Exported config file – SSID security keys re visible, not hashed!

Options
Ikarus
Ikarus Posts: 15
First Anniversary Friend Collector First Comment
edited May 21 in Wireless

Hello,
I’m doing some experiments with my new AP and this is what I found (very confusing):

1.)   If you save the config the SSID keys are NOT hashed. You can see them with all their beauty. This is very, very irritating. Hashing should be used as for the user PW!

2.)   The password criteria (length) for the AP (NWa110AX) are NOT the same as for an USG200Flex.

Ikarus

Accepted Solution

  • Zyxel_Richard
    Zyxel_Richard Posts: 251  Zyxel Employee
    First Anniversary 10 Comments Friend Collector First Answer
    Answer ✓
    Options
    Hi @Ikarus

    Also appreciate for your detail explanation.

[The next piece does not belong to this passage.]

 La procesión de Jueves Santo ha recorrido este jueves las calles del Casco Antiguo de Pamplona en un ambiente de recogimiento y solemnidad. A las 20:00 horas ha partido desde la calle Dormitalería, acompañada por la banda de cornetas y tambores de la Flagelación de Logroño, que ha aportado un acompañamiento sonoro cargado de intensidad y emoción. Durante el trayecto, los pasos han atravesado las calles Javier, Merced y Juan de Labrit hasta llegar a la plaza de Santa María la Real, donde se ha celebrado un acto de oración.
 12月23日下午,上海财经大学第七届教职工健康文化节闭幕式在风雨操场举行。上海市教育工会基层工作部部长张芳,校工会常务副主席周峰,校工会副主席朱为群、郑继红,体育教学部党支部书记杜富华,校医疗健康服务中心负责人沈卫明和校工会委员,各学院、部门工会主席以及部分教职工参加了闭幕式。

    For those two ideas, we'll have internal discussion, after that, I'll share the result with you once we have the update.

    Best Regards,
    Richard
«1

All Replies

  • Zyxel_Richard
    Zyxel_Richard Posts: 251  Zyxel Employee
    First Anniversary 10 Comments Friend Collector First Answer
    Options
    Hi @Ikarus

    For the first question, when we export the configuration file, the critical information like administrator login password will be hashed. As for the Wi-Fi password, we won't hash it: just like you can see the full Wi-Fi password when you modifying it on the web page, but you can't see the actual login password even when you changing it. 

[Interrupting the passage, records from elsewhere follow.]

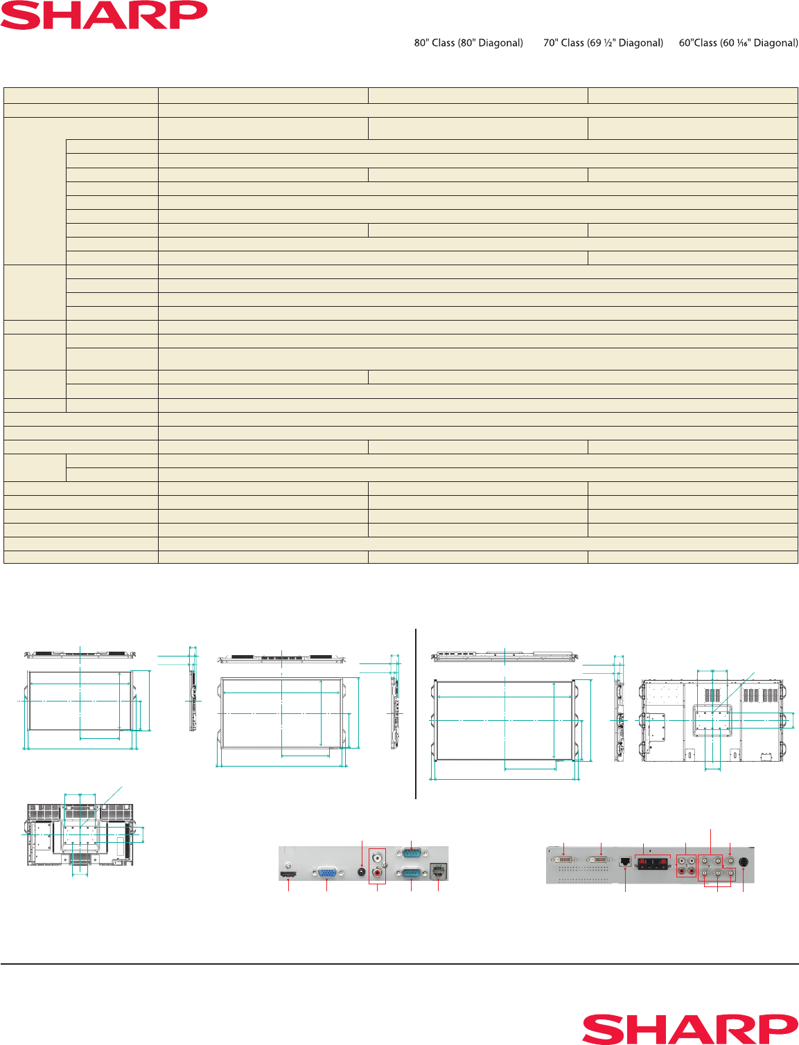 LCD Panel 80" class (80" diagonal) widescreen UV2A LCD 70" class (69-1/2" diagonal) widescreen, UV2A LCD 60" class (60 1/16" diagonal) widescreen, UV2A LCD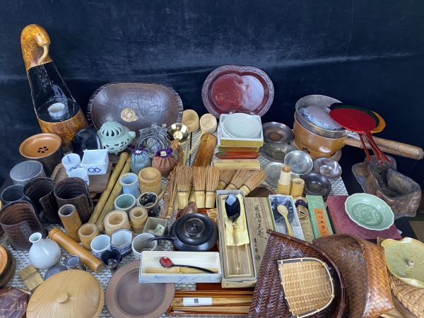 - ut 茶道具まとめて 巾筒 柄杓 茶入 灰匙 茶托 茶筅 香炉 他色々 茶道具 煎茶道具 茶事 茶会 茶の湯 茶道教室 茶稽古 陶器 銅器 錫製 現状品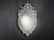 Зеркало с фаской в раме из стеклянных пластин с фаской и с узорной гравировкой, установлено на основе из дерева и MDF чёрного цвета.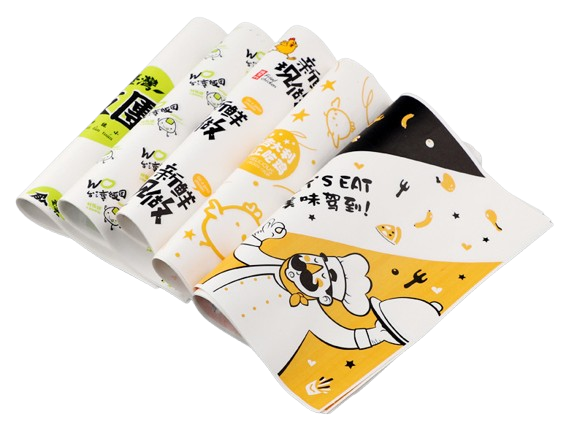 产品克重范围30-60g/m²,具有平滑度高膜附着牢固强度高、挺度高、不易起皱、印刷效果好等特点,主要用于生产食品级淋膜纸,产品经过单面或者双面淋膜、覆铝箔后具有强度高、防水、防油等特点,广泛应用于汉堡包装、食品包装袋、餐盘垫等。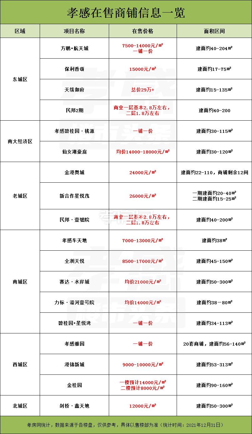 ? ? ? ?那么目前孝感孝感有哪些商鋪在售呢,話不多說,我們一起看看一看!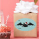 A silly black bat wearing a Santa hat and holding a candy cane on oval stickers.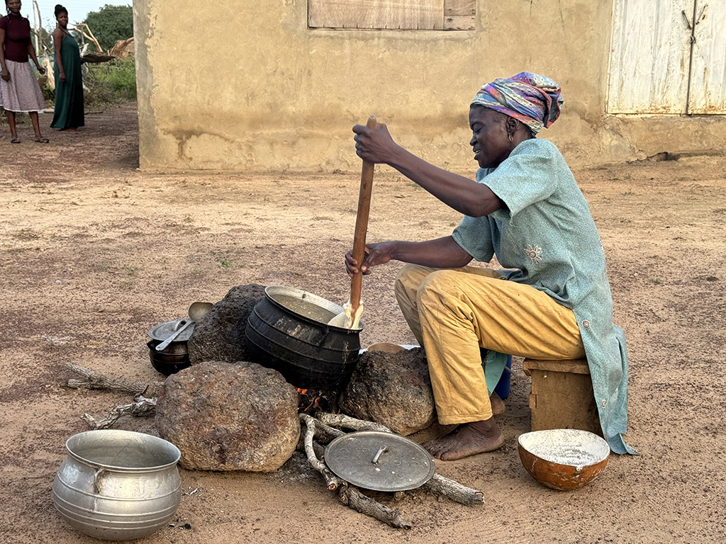 The “bore hole” here will continue to provide the village clean water for a few more months. It will fail in January. Villagers will be forced to drink dirty water carried from the livestock watering hole.Working hard making “banku”, a fermented dough of cassava and corn.The grain silo will need to store 6 months of food to supply the family through the dry season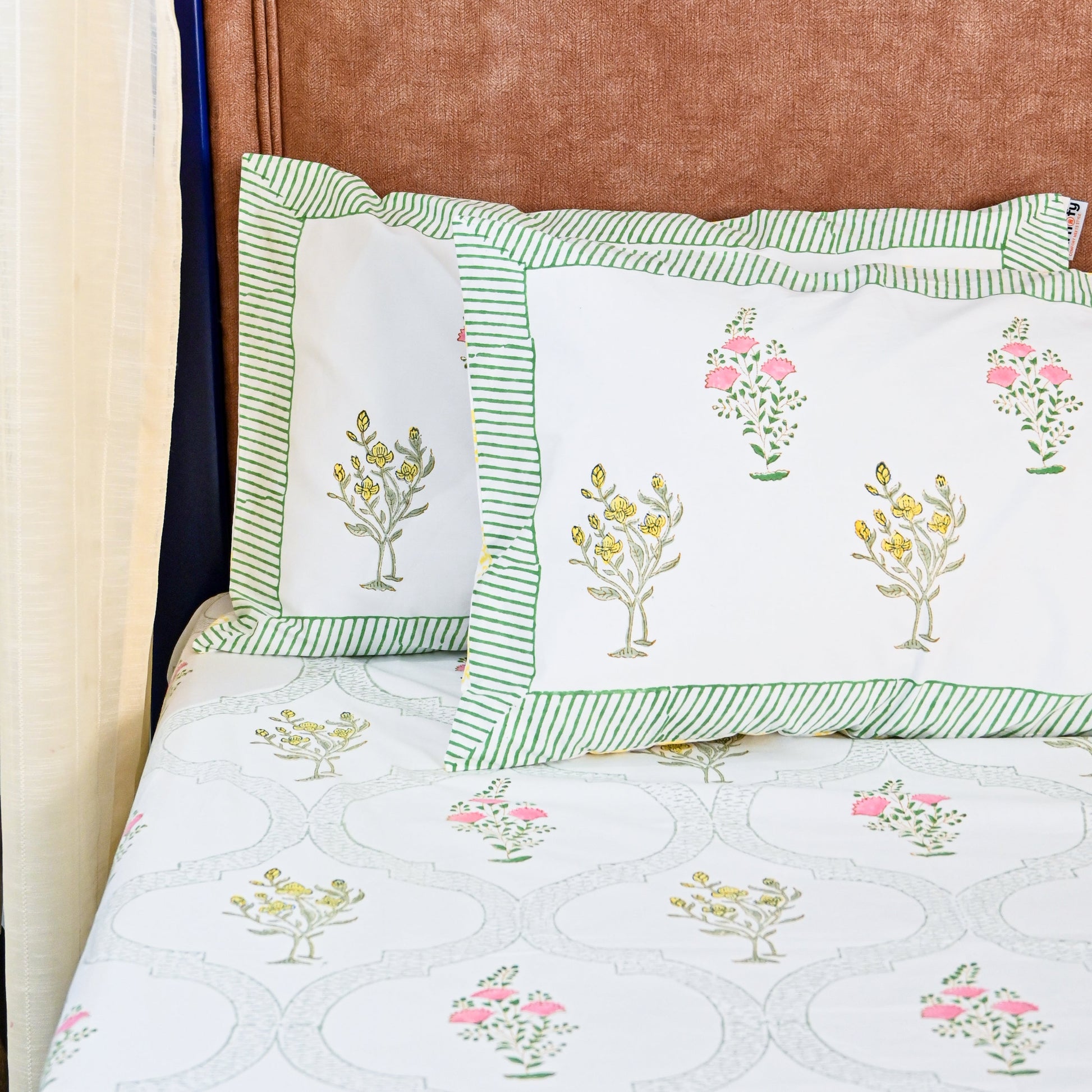 The intricate floral motifs, delicately hand-printed in soft green tones, create a refined and calming aesthetic, while the smooth cotton fabric ensures both comfort and durability. Perfect for those who appreciate artisanal craftsmanship and regal décor, this set adds a touch of ethnic-inspired sophistication to any space.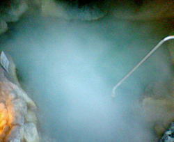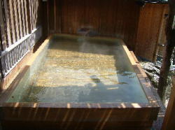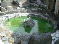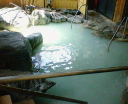 山荘に着くと、さっそく源泉露天風呂へ。ここの泉質は、ナトリウムマグネシウム炭酸水素硫酸塩塩化物泉です。マグネシューム泉と言われてますが、なかなかいい温泉でした。お湯は、白くなりかけた緑のお湯で、マグネシューム泉特有の匂いがします。なめらかなお湯です。

    May I know if there's any concern for a plain text? Since in most cases the network owner can decide how to distribute this Wi-Fi password, and also the configuration is only stored inside AP and applied only when booting up. So this file won't be shared to anyone else.

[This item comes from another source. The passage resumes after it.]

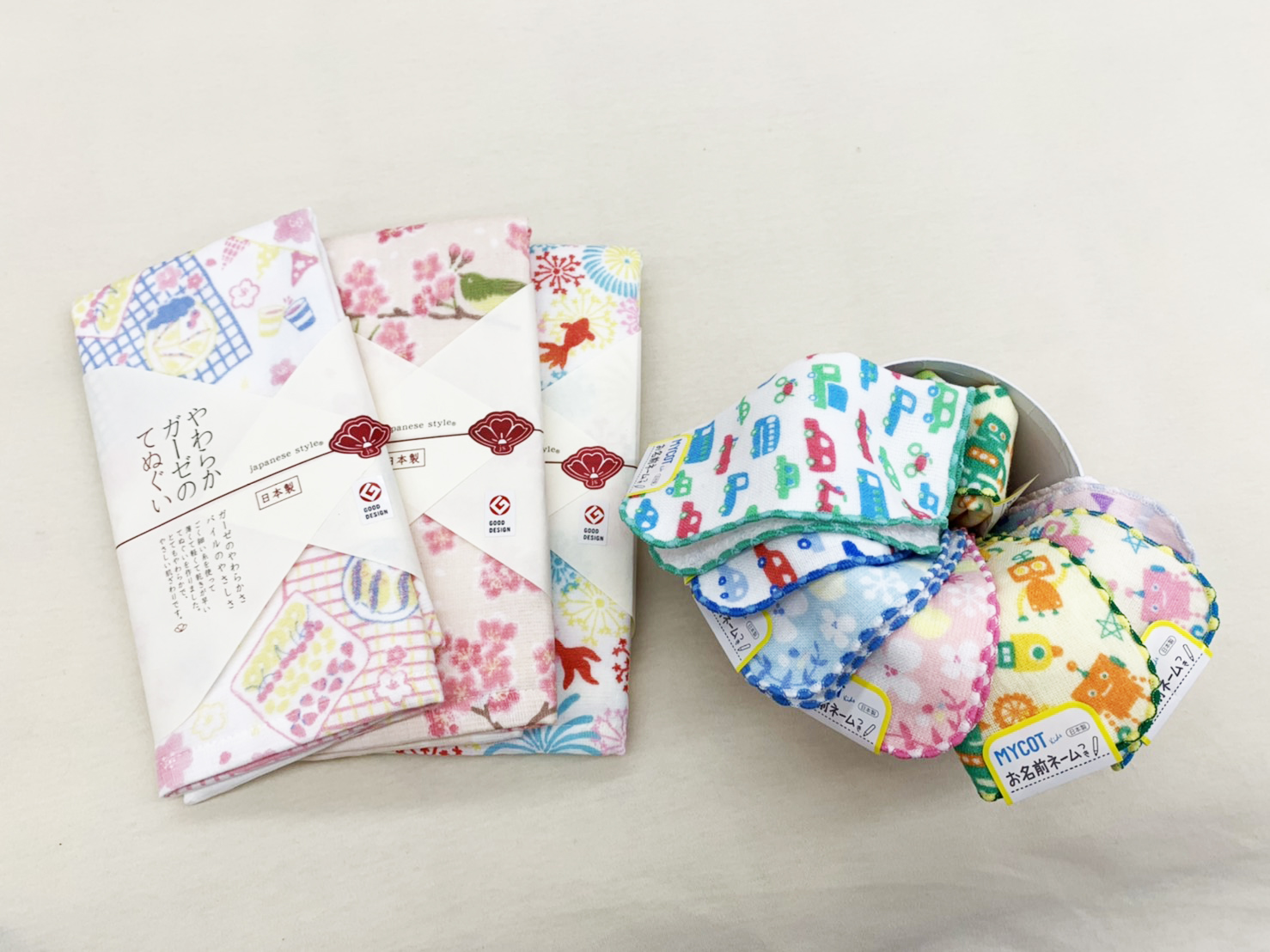 ガーゼ&裏パイルの手ぬぐい(左500円+税)とハンカチ(右350円+税)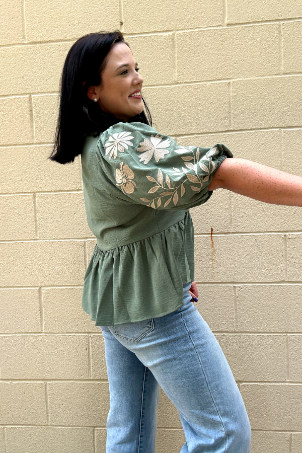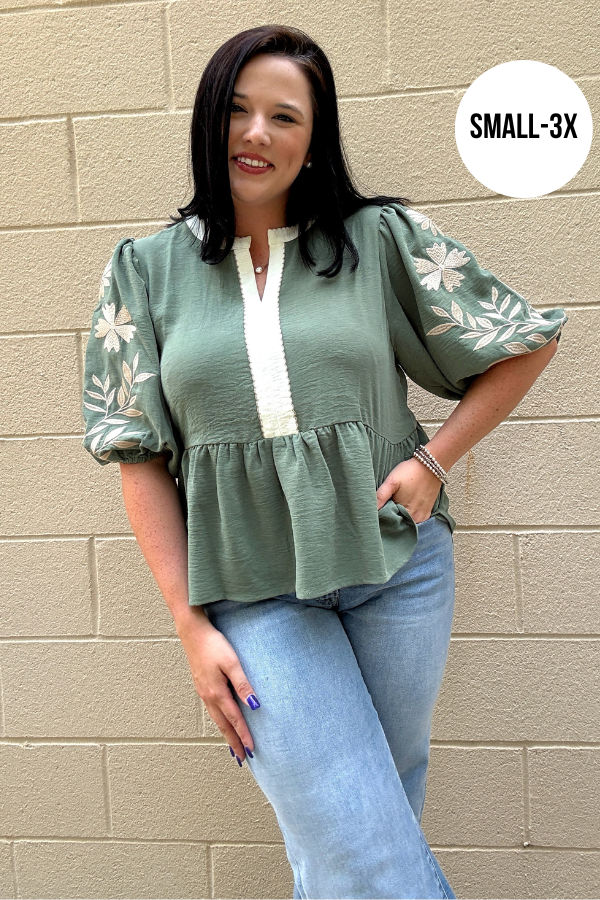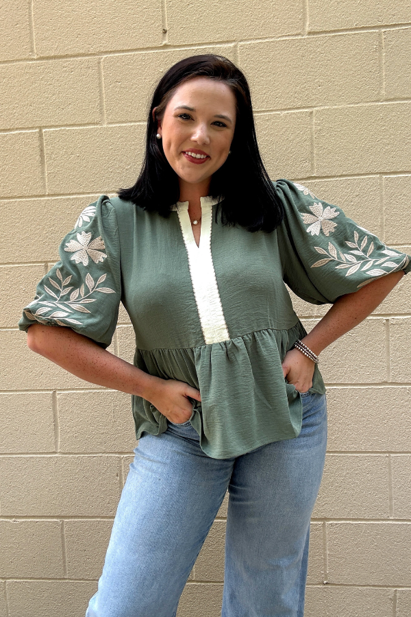 A breezy and feminine peplum blouse made from lightweight solid airflow fabric, featuring puffed 3/4 sleeves with delicate embroidery for a charming touch.

    For the second question, could you please describe more detail about the difference you observed in the "password" criteria? (Is it the SSID password or login password? what's the difference between them?)

    Best Regards,
    Richard
  • Ikarus
    Ikarus Posts: 15
    First Anniversary Friend Collector First Comment
    Options

    Hello @Zyxel_Richard,
    Many thanks for the prompt answer.

    1.)
    My concern for showing access keys or anything that needs to be “safe” is, that it should not be shown in a text file. It simply raises a red flag to me.
    The user PW is hashed, you are absolutely right, and an admin should not see it.
    But if you do backups of your config file and these files are “stolen”/hacked… etc., access to your AP’s is now possible.
    It’s just another layer of security. If those config files become available to intruders your AP access points are still save. You still want to change the keys, but that’s not the first action you are doing!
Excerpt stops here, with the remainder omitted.